And then in other studies with a low certainty there was no effect on kidney disease, skin reactions, loss of appetite, headaches, behaviour, or neurocognition.
The findings, a summary
Overall, when looking at human data from studies representative of normal intake and long enough to find an effect, basically no effect is seen on and health outcomes from the use of NSS. Where an effect is seen, the certainty of evidence is either low or very low indicating that it’s not clear that the difference was made by the substance or not. This is of course not proof that NSS are harmless, but it does raise the question “if they are harmful, why has this not been found in human trials using representative intakes?”
It is with that backdrop that we need to frame the conversation around Stevia, because it’s only with that framing that we can objectively answer the question implicit in the title of this blog.

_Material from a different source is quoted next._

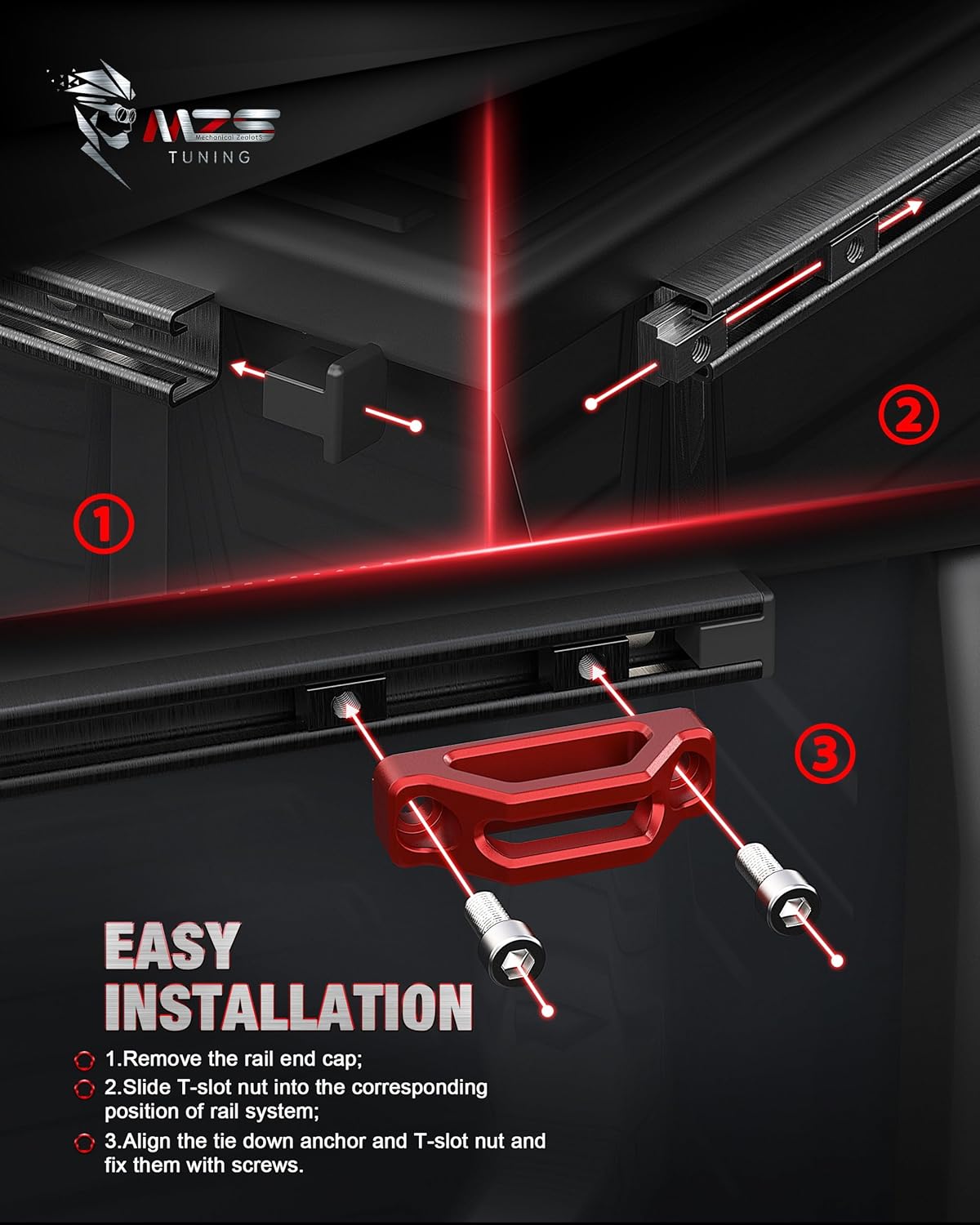Secure Anchor Points: MZS tie down anchors provides additional cargo tie down points in the tacoma bed to secure cargo of all sizes and weights - bikes, motorcycles, furniture, appliances, and other loads, prevent them from shifting or getting damaged during transport

To be the healthiest sweetener, Stevia would either have to be directly beneficial or it would have to avoid the negative health outcomes associated with the other options, and given that there is no good evidence in human trials (as of 2019 at least) that the other options are harmful in literally any way, that leaves Stevia with a large hill to climb. Stevia cannot be the healthiest sweetener if it’s not beneficial on its own, and the other sweeteners don’t pose a health risk.
As yet, we were unable to find any studies showing a health benefit of Stevia, beyond that noted above for NSS in general – they can help people reduce their sugar intake, and so their calorie intake.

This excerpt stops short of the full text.